The inaugural Women in Design Award attracted more than 60 nominations, with an international jury panel of esteemed experts awarding the accolade to Sharon Gauci from General Motors. Ms Gauci was appointed to Executive Director, Industrial Design at General Motors in January 2018 and is responsible for leading a creative team of over 180 people in many of GM’s studios across the globe including North America, Australia, Korea, Brazil and China. The Women in Design Award was established this year in response to the significant gender imbalance within leadership roles in the design and creative industry, and to recognise and celebrate women who have made significant contributions to the industry.

Celebrating its tenth year in recognising the highest level of sustainable design practice, the Good Design Award for Sustainability went to RangerBot, designed by QUT and Designworks and commissioned by the Great Barrier Reef Foundation. RangerBot is the world’s first vision-based underwater robotic system designed specifically for coral reef environments. It empowers reef managers, researchers and community groups with intuitive, customisable and affordable robotic tools to upscale underwater monitoring of the Great Barrier Reef, control marine pests like Crown-of-Thorns Starfish and monitor and map reef health indicators like coral bleaching and water quality.

The Next Gen category was awarded to Gekko Trax AnyTerrain, invented by wheelchair user Huy Nguyen, 34, and his business partner Ryan Tilley, 22, who spent two years developing the lightweight, packable wheelchair tracks. The over-tyre fits around the standard on-road 24″ wheels of a wheelchair and adapts them to navigate sand, soft grass, snow and other soft, off-road terrains.

In the three Architectural Design categories, Best Commercial and Residential Design went to Mirvac for Harold Park in Glebe, Sydney, a project which incorporates seven innovative new residential buildings, anchored by adaptive reuse of the heritage tram depot and integrated with 3.8 hectares of new public parkland. Best Interior Design went to HCD IMPRESS for Shenzhen iCarbonX Lecture Hall in China and Best Urban Design to Turf Design Studio for Central Park Public Domain, in Chippendale, Sydney, which sits at the heart of the former Carton and United Brewery, surrounded by a built fabric of some of the city’s oldest workers’ cottages, terraces and warehouses.

In the Product Design category, Best Furniture and Lighting went to Sway by Nick Rennie and Made by Pen, a floor lamp which is not tethered to any power cable or outlet and is completely free to move about. Best Domestic Appliance was awarded to Electrolux Kitchen Range and Best Consumer Electronics to Owlet Smart Sock 2 Baby Monitor, a miniature pulse oximeter that wraps around a sleeping baby’s foot and wirelessly monitors a baby’s heart rate and oxygen levels. Best Automotive and Transport went to Hyundai’s Kona Electric, Australia’s first 100 per cent electric small SUV.
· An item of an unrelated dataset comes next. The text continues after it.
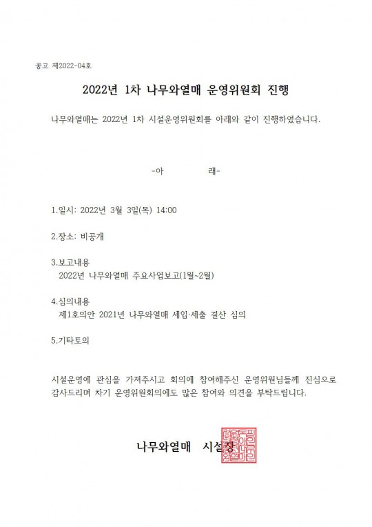 2022년 1차 나무와열매 운영위원회 진행
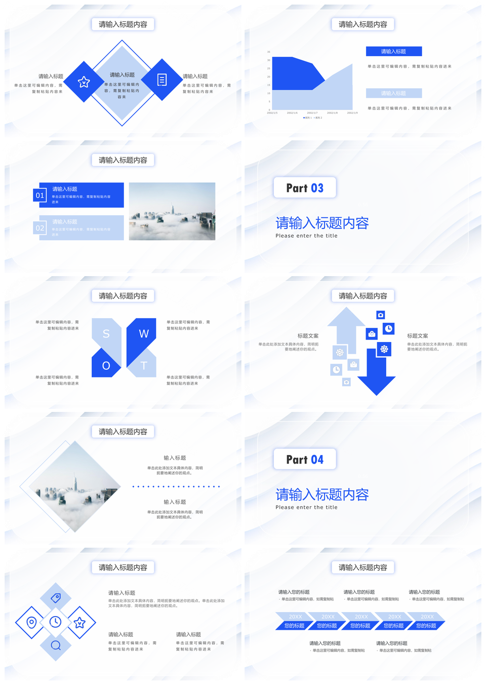 商务极简几何蓝白渐变创意工作总结PPT模板

Communication Design winner was Sans Forgetica, a new free typeface that helps improve our memory. Commissioned by RMIT University and designed using principles of psychology to improve retention of written information, it is believed to be the world’s first typeface created using psychological and design theories in order to help memory retention, breaking enough conventions and engaging the reader into remembering the textual content.

Other notable accolades include the Fashion Impact award won by G-Star Raw’s Most Sustainable Jeans and the Indigenous Designer Award won by Aboriginal and Torres Strait Islander Career Pathways Service. The Good Design Team of the Year was awarded to the Caroma Design Team led by Dr Steve Cummings and the Australian Design Prize was awarded to Professor Mark Armstrong who helped design the Sydney 2000 Olympic Games Torch.

Of this year’s 378 Good Design Award recipients, 255 were designed in Australia and 123 from overseas. The awards attracted innovative entries from all corners of Australia and the world, including Brazil, Canada, China, Denmark, France, Germany, Hong Kong, Italy, Japan, Korea, Malaysia, the Netherlands, New Zealand, Norway, the Philippines, Singapore, South Africa, Sweden, Switzerland, Taiwan, Thailand and the USA.